The worldwide Anglican Church is set to split after Canadian and USA churches were asked to voluntarily withdraw from the Communion and to explain their progressive attitudes toward homosexuality.

After a four-day meeting in Northern Ireland, leaders of the world’s 77 million Anglicans said: “We request that the Episcopal Church and the Anglican Church of Canada voluntarily withdraw their members from the Anglican Consultative Council.”

“While there remains a very real question about whether the North American churches are willing to accept the same teaching on matters of sexual morality as is generally accepted elsewhere in the Communion, the underlying reality of our communion in God the Holy Trinity is obscured.”

This was qualified by a note that, “the victimisation or diminishment of human beings whose affections happen to be ordered toward people of the same sex is an anathema to us.”

The Episcopal Church and the Anglican Church of Canada have been asked to withdraw from the international group for three years during which they should reconsider their support for Gene Robinson, the openly gay Bishop of New Hampshire.

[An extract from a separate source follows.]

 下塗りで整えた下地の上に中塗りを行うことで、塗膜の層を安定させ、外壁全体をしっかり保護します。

It was declared the withdrawal of the two churches should be reviewed in 2008 at the Lambeth Conference, the 10-yearly meeting of all Anglican bishops. There was also a call for a temporary suspension on the blessing of same-sex unions while the issue was discussed. It is the first formal split in the communion over homosexuality.

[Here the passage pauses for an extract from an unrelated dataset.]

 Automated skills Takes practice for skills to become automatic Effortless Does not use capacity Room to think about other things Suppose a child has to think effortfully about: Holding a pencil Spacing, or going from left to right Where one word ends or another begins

“We ask our fellow primates to use their best influence to persuade their brothers and sisters to exercise a moratorium on public rites of blessing for same-sex unions and on the consecration of any bishop living in a sexual relationship outside Christian marriage,” the statement said.

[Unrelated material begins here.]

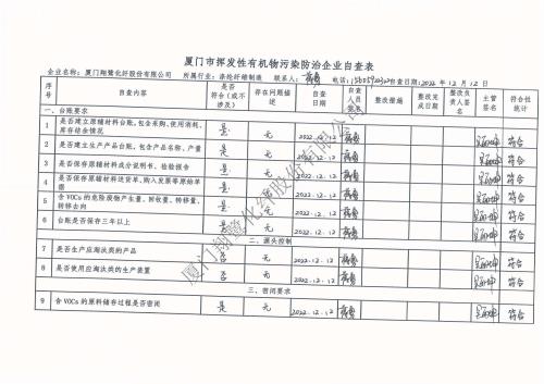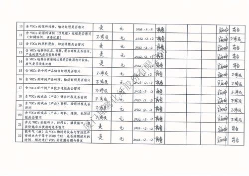 2022年第四季度揮發(fā)性有機(jī)物整治企業(yè)自查表

The Northern Ireland meeting also reaffirmed a resolution adopted by all Anglican bishops in 1998 which declared that gay practices were “incompatible with Scripture” and opposed the ordination of gay priests and the blessing of same-sex couples.

However, the American Bishop Steve Charleston said the North Americans were unlikely to change their position.

“I think Gene is something of a champion of human rights,” he told BBC Radio. “Like people of colour before him, they got tired of sitting at the back of the bus and it was time to stand up and say ‘Here I am, I am an honest decent human being and you must treat me with respect.’ That is essentially what Gene is doing and I honour him for it.